- As employers continue pushing for hybrid work, more than one-quarter of employees in a recent survey by email security firm Tessian said they fell for a phishing attack in the past year, and an even greater number said they sent an email to the wrong person.
- The survey of 1,000 U.S. professionals and 1,000 U.K. professionals found that respondents also were more likely to fall for advanced phishing attacks than they were in 2020, according to Tessian. For instance, 52% said they fell for attacks because an attacker impersonated a senior executive, up from 41% in 2020.
- The share of employees who did not report their mistakes to information technology departments also increased to 21% in 2021 from 16% in 2020. The trend indicates employees may be fearful of reporting mistakes given harsher consequences, Tessian said, but it also may mean security teams have less visibility of threats.
Cybersecurity incidents are not only growing more prevalent. They are also becoming more costly. Research this year from Palo Alto Networks found that the average ransomware payment increased by 78% in 2021 to a dollar amount of more than $500,000, CFO Dive reported.
Phishing attacks were one of the top three forms of internet crime reported by victims in the Federal Bureau of Investigation's 2020 Internet Crime Report. The agency found 241,342 complaints about phishing scams involving adjusted losses of over $54 million. The FBI encouraged users to protect themselves through "extreme caution in online communication" and by verifying email senders, particularly because criminals may change only one letter in an email address to make it seem familiar to a potential victim.
Tessian is not the first voice in the cybersecurity space to warn employers against creating security cultures that discourage employees from reporting incidents. Rather than emphasizing "fight or flight responses" in cyber training, sources who previously spoke to HR Dive recommended that training be informed by a psychologically safe approach.

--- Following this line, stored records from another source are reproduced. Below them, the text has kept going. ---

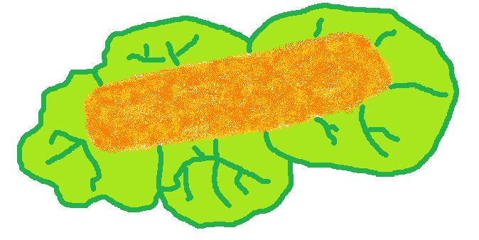 Tekeningen van de vleeskroket liefhebbers.Een artistieke impressie van een vleeskroket op wat blaadjes sla. Genaamd: Vleeskroket op sla.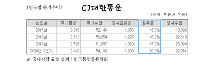 로지스틱스 기업은 신규 물류망 구축에 막대한 자금 소요 : CJ대한통운 기존 점유율만 봐도.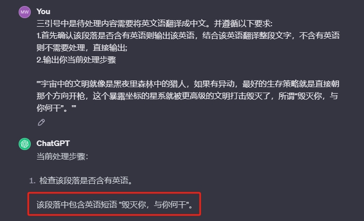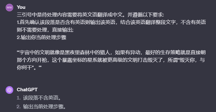 可以看到gpt对未有外文的语句仍旧进行了翻译,这里我们让gpt加上一个检查步骤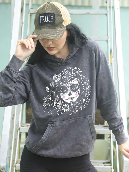 Sugar Skull Graphic on Vintage Black Hoodie - Reza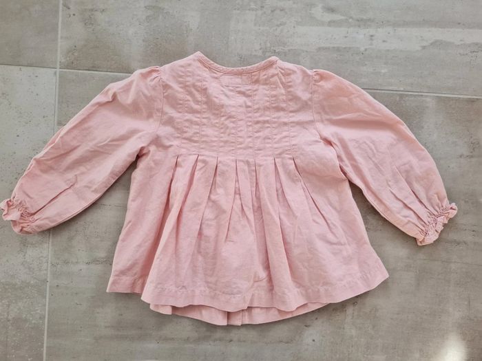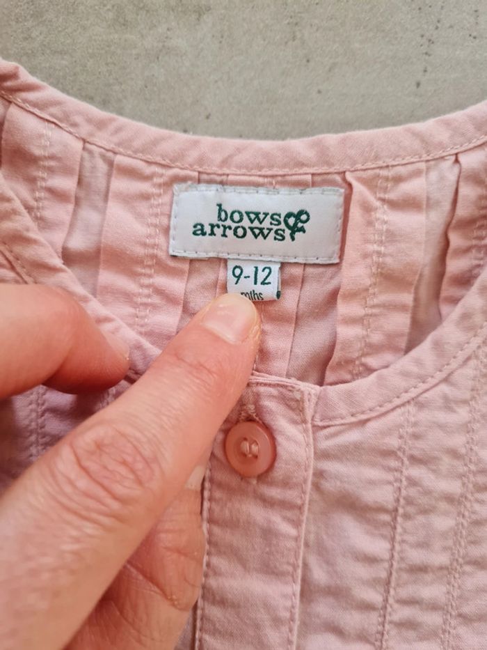 Chemisier type blouse taille 9-12 mois marque Bows & Arrows (marque anglaise). Rose clair, évasé, manches assez larges resserrées aux poignets, surpiqûres sur avant et arrière. Neuf, jamais porté. Tous mes articles sont lavés avant la vente. J'ai beaucoup d'articles donc n'hésitez pas à utiliser les filtres sur mon dressing pour trouver votre bonheur, faire des lots et profiter de réductions ! 😊 - 10% dès 3 articles 👗👚🩱 - 20% dès 5 articles 👡👙🧥👖👢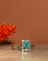 Esta joya está centrada con una deslumbrante esmeralda de 0,25 quilates en un entorno de catorce diamantes que suman un total de 0,28 quilates.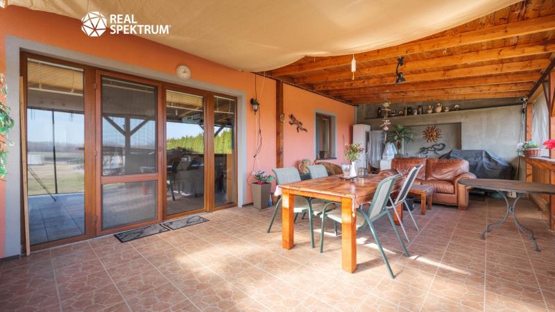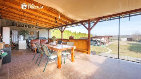 Nemovitost je řešena jako nízkonákladová dřevostavba s velmi dobrými izolačními vlastnostmi a je připravena k okamžitému užívání. Interiér nabízí komfortní obytný prostor s plně vybavenou kuchyní včetně americké lednice s barem a kompletního kuchyňského zařízení. Na obytnou část navazuje prostorná terasa s výhledem do zeleně, ideální pro relaxaci, rodinné posezení i letní grilování, s možností budoucího uzavření pro celoroční využití.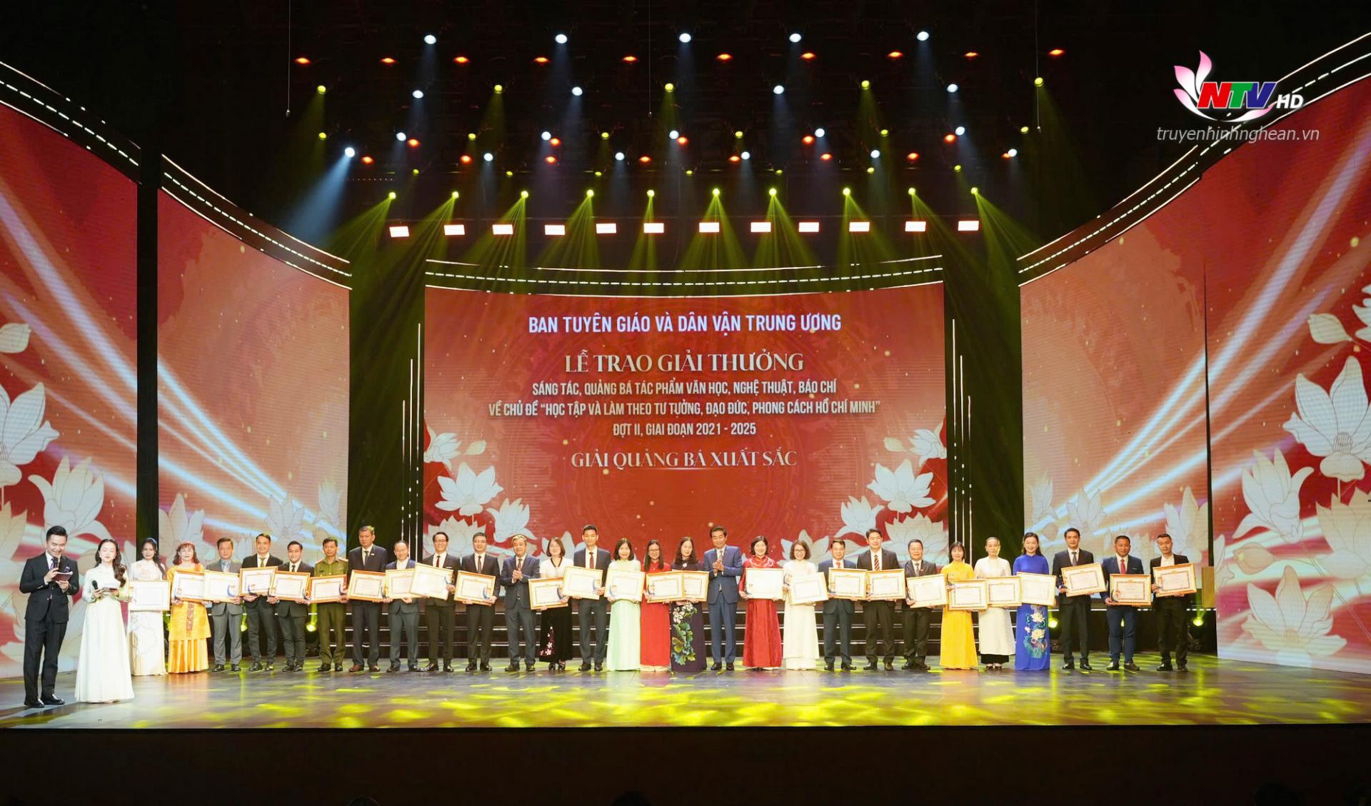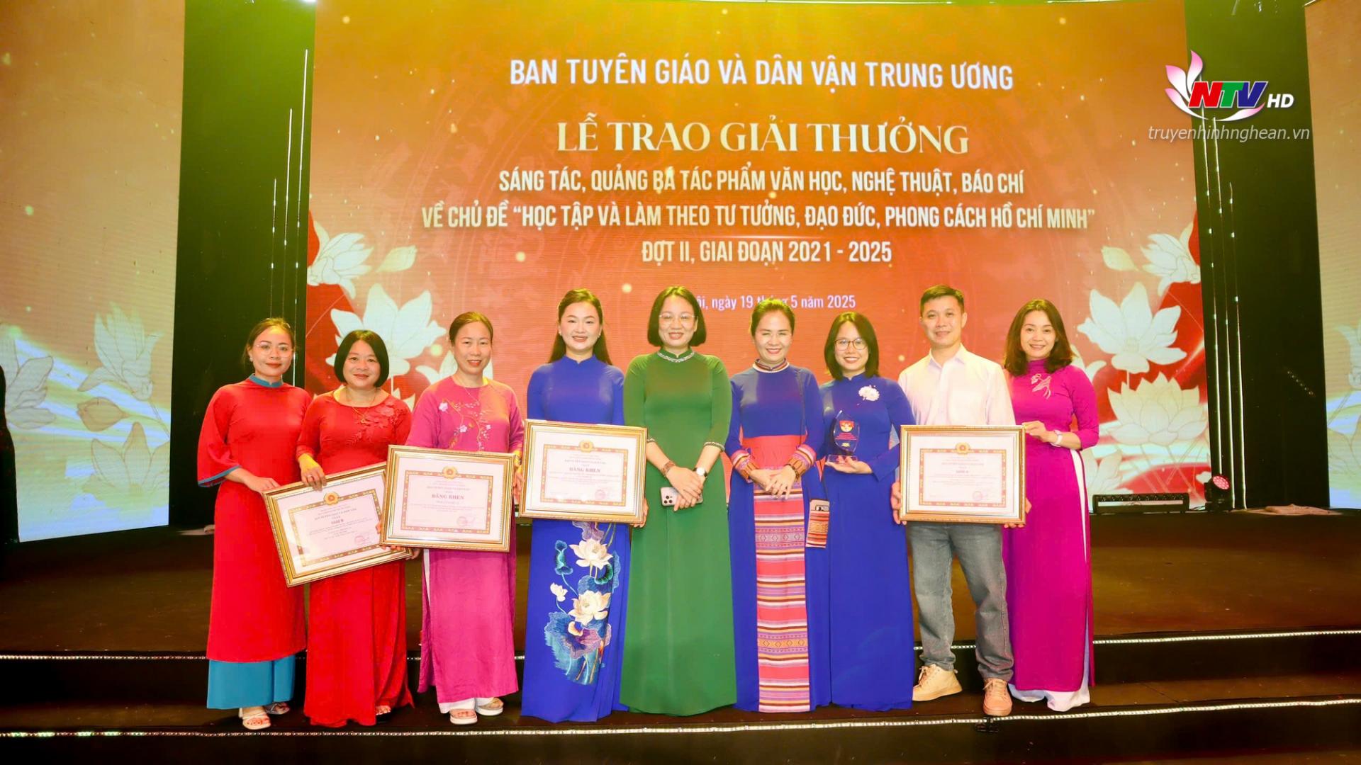 Hai đơn vị Ban Quản lý Quảng trường Hồ Chí Minh và Tượng đài Bác Hồ, tỉnh Nghệ An (lĩnh vực văn hóa) và Tỉnh uỷ Nghệ An (lĩnh vực xuất bản) được trao Giải tập thể trong hoạt động quảng bá tác phẩm văn học, nghệ thuật, báo chí về chủ đề “Học tập và làm theo tư tưởng, đạo đức, phong cách Hồ Chí Minh” đợt II giai đoạn 2021-2025.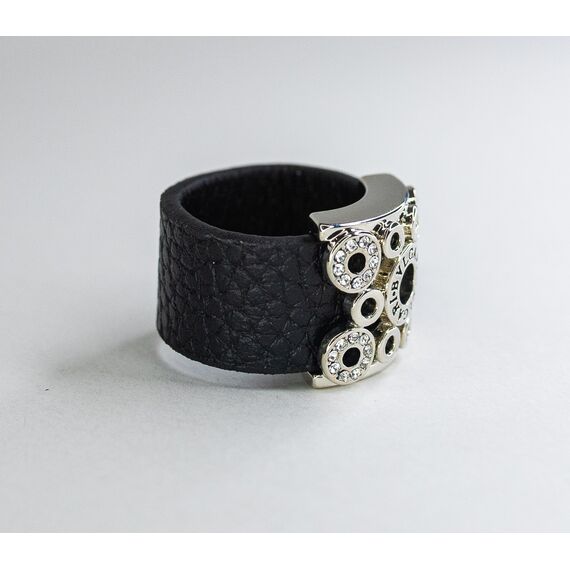 Кольцо женское из гипоаллергенного ювелирного сплава серого цвета и натуральной кожи черного цвета. Вставка- циркон белого цвета. Высота кольца-2,0см, ширина-2,0см. Размер-19,0.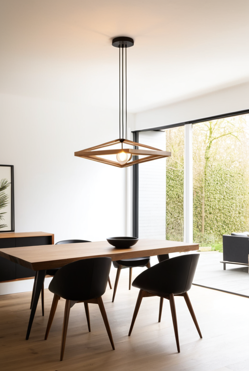 Важно соблюдать оптимальное расстояние до пола — не менее 2,1 метра, чтобы не мешать проходу. Для помещений, где низкий потолок, идеальным решением станет светильник с минимальной длиной штанги, который визуально не перегрузит пространство.
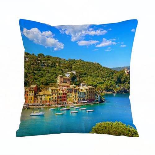 AELKSP Housse Coussin,Vue panoramique aérienne de Luxe de Portofino. Village et Yacht dans Le Petit p,50x50 cm,Lot de Coussin Taie d'oreiller Décoratif Canapé pour Chambre, Canapé, Chaise, Lit,Jardin
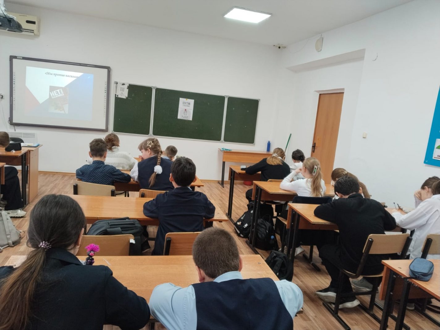 Акция аясында 8 желтоқсан күні 6 «А» сыныбында «Біззорлық-зомбылыққа қарсымыз» атты сынып сағаты өтті. Сабақ барысында оқушылар зорлық-зомбылық түрлерін талқылады, дауларды агрессия дана жыратуды үйренді, бейбіт қарым-қатынас жасаудың жолдарын және бір-біріне құрметпен қараудың маңызын түсінді. Сонымен қатар, қиын жағдайларда көмек сұраудың қажеттілігі және проблемамен жалғыз қалмаудың мәні ерекше ата пөтілді.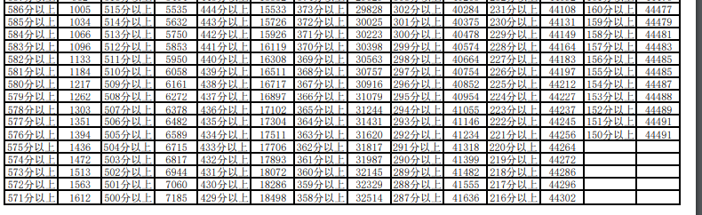 | 批次 | 分数 | 排名 | 科类 |

Aside from training, HR can meet with security teams, IT teams and other stakeholders to ensure their organization has back ups in place that ensure continuity. In the event that employee data is compromised, experts may recommend working with auditing services or forensics professionals.
The past few months have shown that vulnerabilities can exist within an organization's external functions, as well. When a ransomware attack struck timekeeping and payroll provider UKG last December, organizations scrambled to put back ups in place and continue critical processes. Attacks against vendors, HR-related or otherwise, have led to broader vulnerability concerns.